* [Task objective]: In the entries that follow, find the line containing "美女肩部蝴蝶结纹身刺青_蝴蝶纹身图案大全_纹身图吧" and the line containing "珠江钢琴(PEARLRIVER) 立式钢琴全新专业家用钢琴PE121", then retype exactly the lines from the first through the second, pictures excluded.

Start of Block

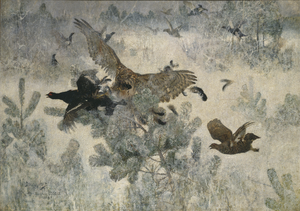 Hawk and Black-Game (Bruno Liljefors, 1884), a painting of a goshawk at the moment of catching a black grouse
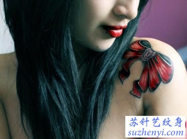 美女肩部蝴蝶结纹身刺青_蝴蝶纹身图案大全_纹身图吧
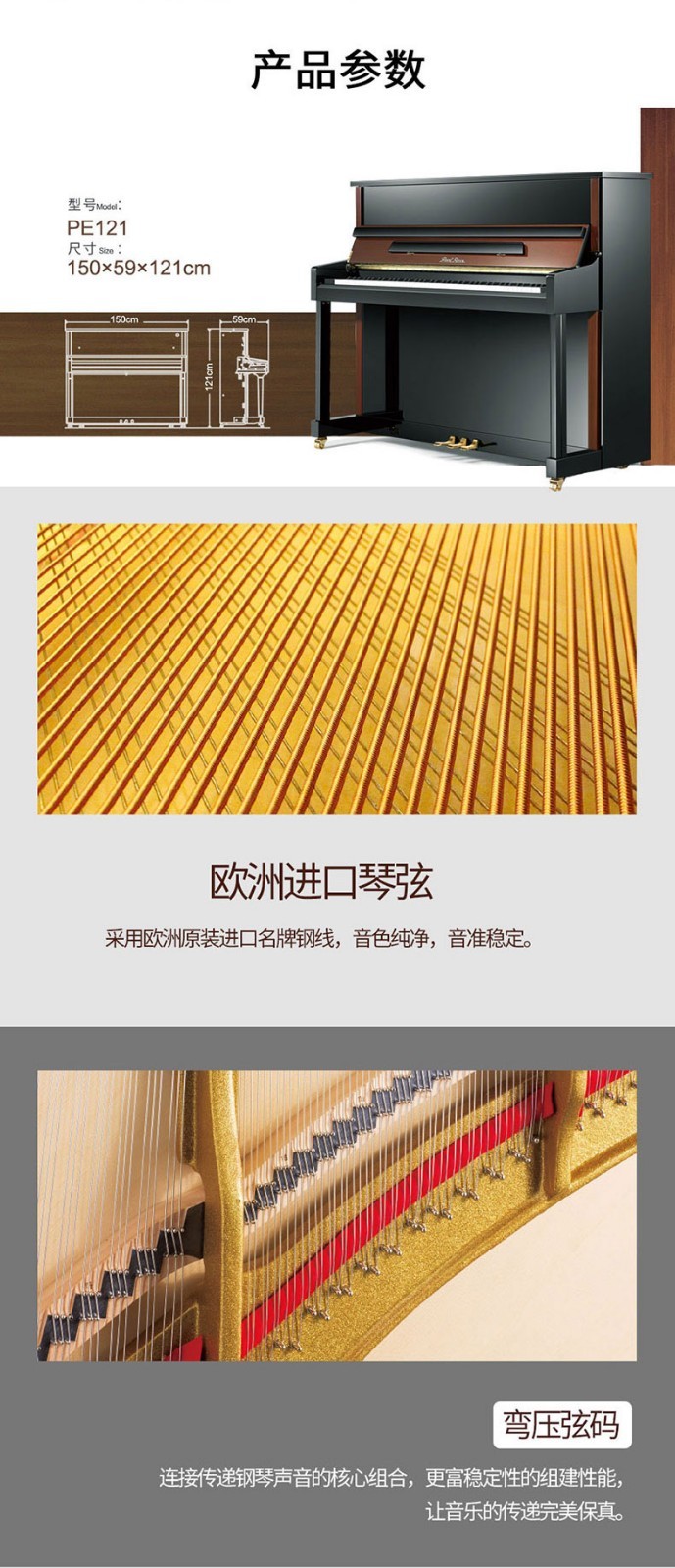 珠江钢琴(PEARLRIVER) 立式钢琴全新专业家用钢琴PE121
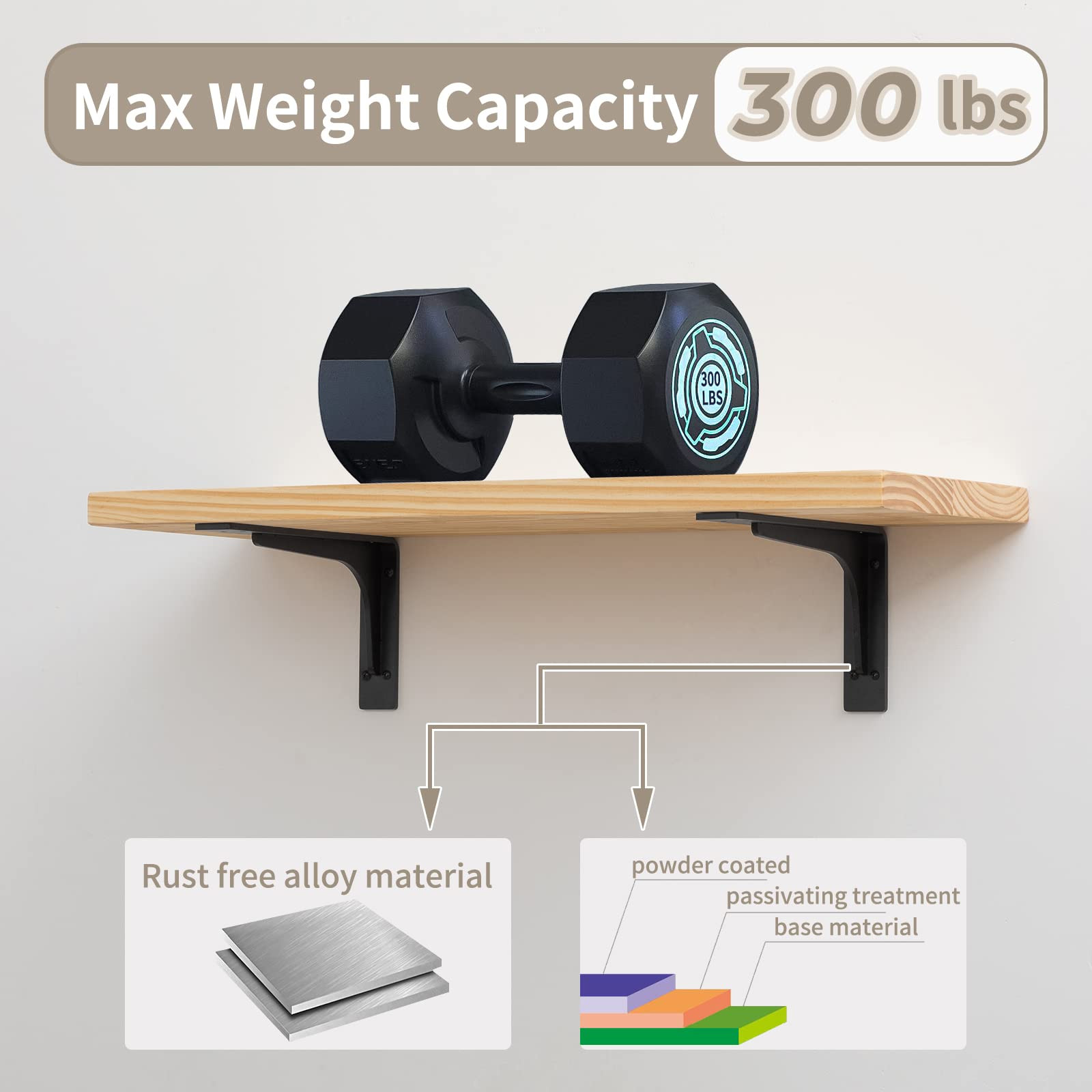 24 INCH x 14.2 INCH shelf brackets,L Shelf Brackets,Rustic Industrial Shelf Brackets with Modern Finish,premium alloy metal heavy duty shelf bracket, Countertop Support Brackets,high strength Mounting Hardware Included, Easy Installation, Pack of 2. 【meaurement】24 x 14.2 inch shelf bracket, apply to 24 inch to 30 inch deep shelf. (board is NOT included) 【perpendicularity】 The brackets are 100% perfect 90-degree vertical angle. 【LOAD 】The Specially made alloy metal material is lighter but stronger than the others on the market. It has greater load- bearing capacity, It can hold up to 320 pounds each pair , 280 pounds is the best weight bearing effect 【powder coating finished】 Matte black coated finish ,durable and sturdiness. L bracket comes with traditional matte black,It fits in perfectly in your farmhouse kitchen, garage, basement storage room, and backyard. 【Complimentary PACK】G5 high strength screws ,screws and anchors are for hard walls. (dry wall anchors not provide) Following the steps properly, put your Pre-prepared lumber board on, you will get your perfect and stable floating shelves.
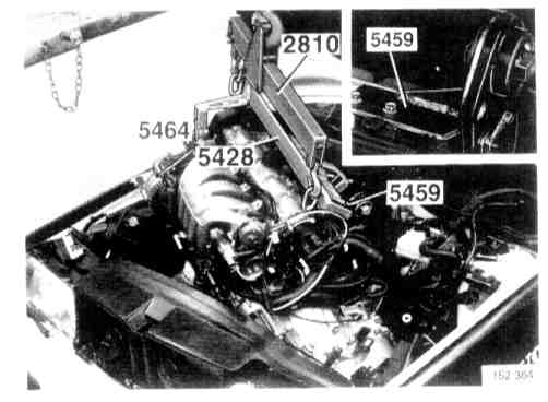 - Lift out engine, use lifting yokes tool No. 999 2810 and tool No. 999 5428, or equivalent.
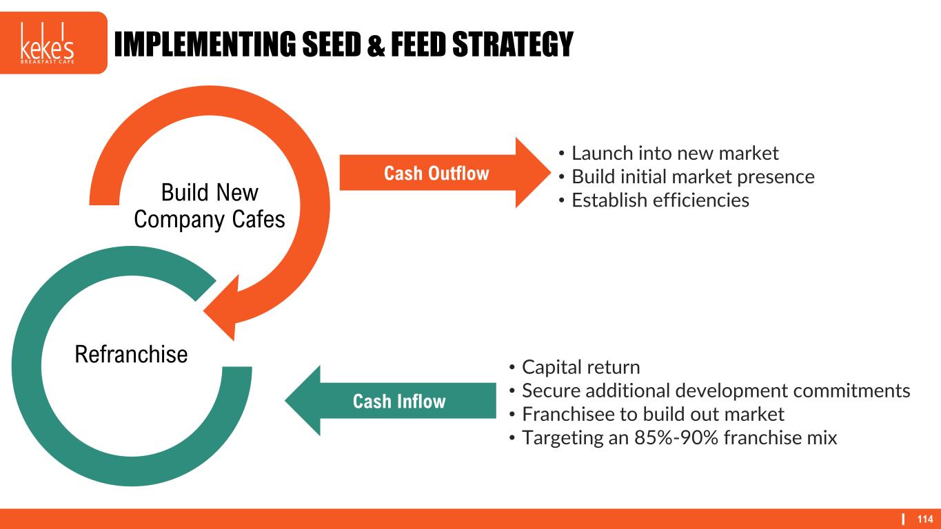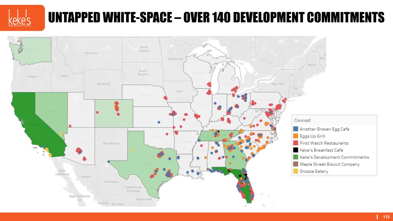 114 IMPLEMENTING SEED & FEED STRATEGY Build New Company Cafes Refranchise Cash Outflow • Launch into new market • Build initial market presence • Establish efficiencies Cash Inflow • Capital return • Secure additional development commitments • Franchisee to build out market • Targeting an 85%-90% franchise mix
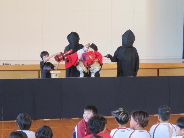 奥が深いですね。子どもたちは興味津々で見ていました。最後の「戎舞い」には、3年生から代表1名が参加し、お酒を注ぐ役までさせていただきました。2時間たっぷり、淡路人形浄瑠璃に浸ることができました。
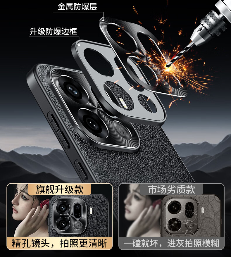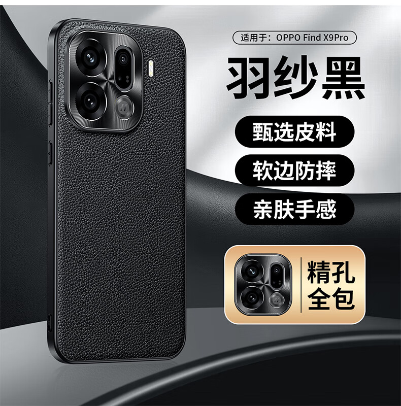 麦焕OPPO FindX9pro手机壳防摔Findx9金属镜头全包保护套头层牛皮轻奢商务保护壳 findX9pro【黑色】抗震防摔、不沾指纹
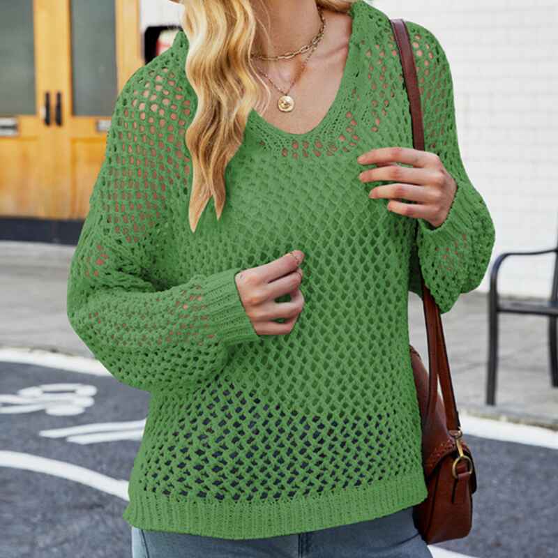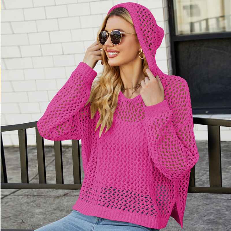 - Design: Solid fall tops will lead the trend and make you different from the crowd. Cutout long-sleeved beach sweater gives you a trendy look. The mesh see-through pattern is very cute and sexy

End of Block

* [Result]:
 美女肩部蝴蝶结纹身刺青_蝴蝶纹身图案大全_纹身图吧
 珠江钢琴(PEARLRIVER) 立式钢琴全新专业家用钢琴PE121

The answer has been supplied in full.